2. The method as defined in claim 1 wherein said traversing step is accomplished using an industrial robot having a repeatability tolerance less than said finished product tolerance.

3. The method as defined in claim 1 wherein said establishing step and said calculating step are performed by a computer.

4. The method as defined in claim 3 wherein said traversing step is accomplished using a controllable machine for traversing said fixed and new path having a repeatability tolerance less than said finished product tolerance and operatively connected to said computer to receive instructions for traversing said fixed path and subsequently said new path.

5. The method as defined in claim 3 wherein said measuring step is accomplished using a precision measuring device having an electronic output to said computer.

6. The method as defined in claim 1 wherein said fixed path allows the material removal station to remove excess material on the casting body at selected locations on the casting body to define a witness surface at each selected location.

7. The method as defined in claim 1 wherein said fixed path allows for coincidence between the casting body and more than one material removal station.

8. The method as defined in claim 1 wherein said fixed path includes sub paths.

9. The method as defined in claim 1 wherein said step d) further includes the step of: calculating a translational offset from said fixed path.

10. The method as defined in claim 1 wherein said step d) further includes the step of: calculating a rotational offset from said fixed path.

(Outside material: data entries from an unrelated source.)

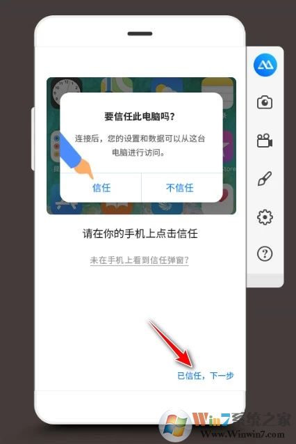 3、如果您是首次使用USB线连接电脑,在手机或平板上会出现一个“信任此电脑”的弹窗,点击“信任”后,在PC端傲软投屏上点击“已信任,下一步”;
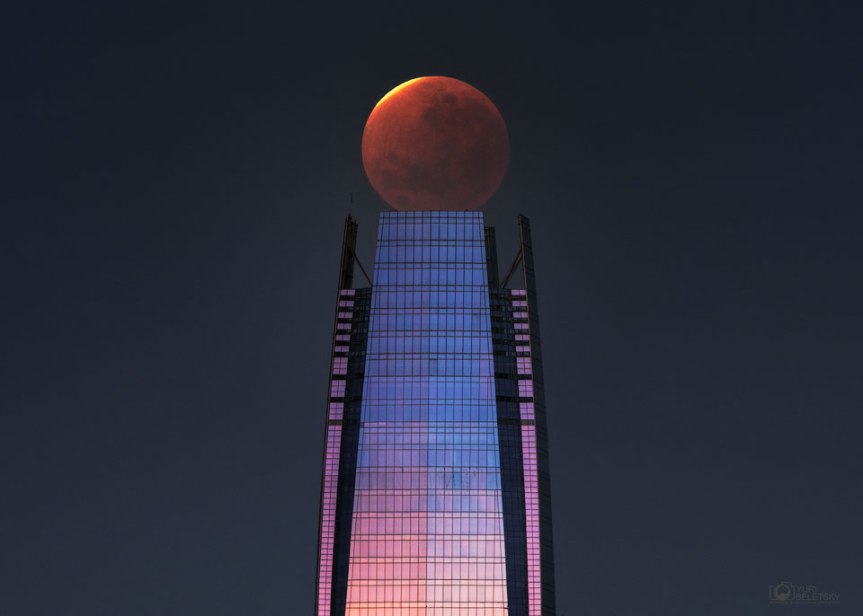 Lunar Eclipse over a Skyscraper
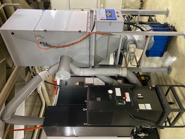 グラファイト仕様のMCです。クーラントタンクはありません。集塵機:新東工業FXN-VR ミストコレクタ:アマノMZ-10が付属します。

11. A method for removing excess material from a casting body, comprising the steps of: a) positioning the casting body such that any excess material thereon is accessible; b) establishing a fixed path of coincidence between the casting body and a material removal station wherein the closest point of approach of the casting body positioned on said robot exceeds the sum of a specified casting dimensional tolerance and a finished casting tolerance and whereat said excess material is coincident said material removing station; c) iteratively traversing said fixed path to remove excess material from specified locations on the casting body until no further material is removed, thereby defining a witness on said excess material at each said specified location; d) measuring the distance from the witness at each location to the casting body using at least two points on said witness; e) calculating an offset from said fixed path for each distance to determine a new path of coincidence between the casting body and said material removal station within said finished casting tolerance; and f) iteratively traversing said new path until said excess material is reduced to less than the finished casting tolerance.

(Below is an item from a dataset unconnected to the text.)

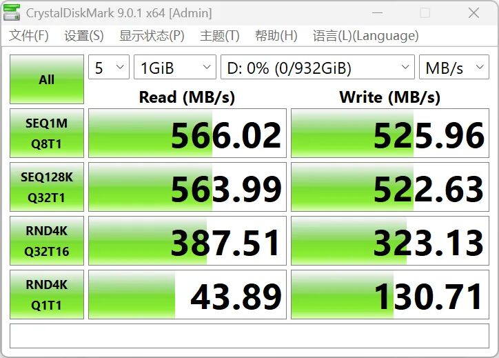 从测试结果来看,致态小翼S001固态硬盘1TB完全达到了标称性能水平。它的顺序读写速度分别可以达到566.02MB/s、525.96MB/s,其读取速度已经接近SATA Ⅲ接口的理论传输带宽上限600MB/s,同时测试成绩还小幅超越顺序读取550MB/s、顺序写入500MB/s的标称规格。再来看随机性能,其在随机4KQ32T16的读写速度分别为387.51MB/s、323.13MB/s。换算过来它的随机读写IOPS分别为95K IOPS、79K IOPS,其随机读取与随机写入性能均明显超越标称规格。同时在AS SSD Benchmark测试中,致态小翼S001固态硬盘1TB也获得了907分的总成绩,在SATA产品中性能位居中上水准。

12. The method as defined in claim 11 wherein said establishing step and said calculating step are performed using a computer.

13. The method as defined in claim 12 wherein said measuring step is accomplished using a precision measuring device having an electronic output to said computer.

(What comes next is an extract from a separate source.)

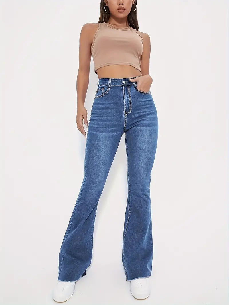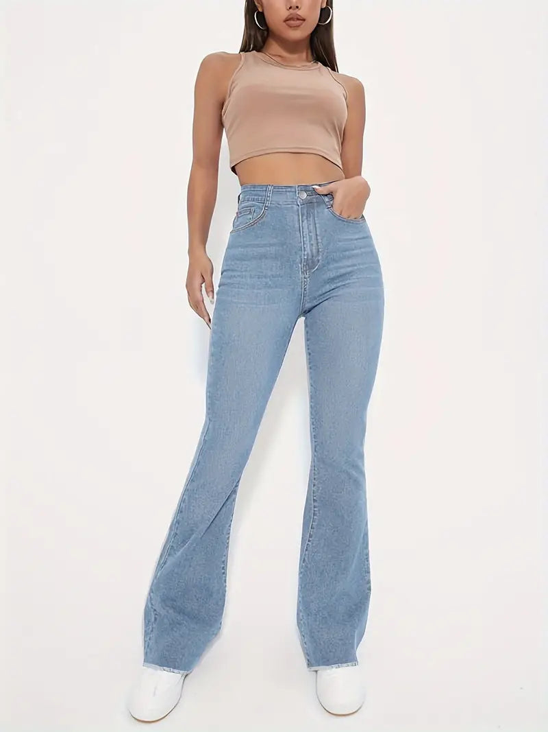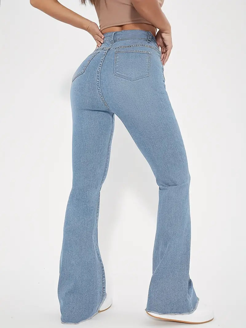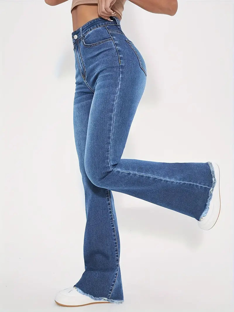 Katherine – stilvolle schlagjeans mit rohem saum

14. The method as defined in claim 11 wherein said excess material is a by-product of casting the casting body.

15. The method as defined in claim 11 wherein step e) further comprises the step of: calculating a translational offset.

16. The method as defined in claim 11 wherein step e) further comprises the step of: calculating a rotational offset.

17. A method of finishing castings having excess material thereon wherein the exact dimensions of the casting are not known, said method comprising the steps of: a) creating a movement of the casting along a fixed path; b) impinging excess material appurtenant the casting on a reduction apparatus at a fixed location such that a defined witness is produced on the excess material; c) measuring the difference from said witness to the casting material; and, d) adjusting the fixed path to remove the excess material to within a specified tolerance.

18. The method as defined in claim 17 wherein step a) further comprises the step of: repositioning the casting using a robotic arm connected to a computer.

19. The method as defined in claim 17 wherein step b) further comprises the step of: engaging the excess material with a grinding apparatus.

20. The method as defined in claim 17 wherein step c) further comprises the step of: analyzing the excess material using a precision measuring device connected to a computer.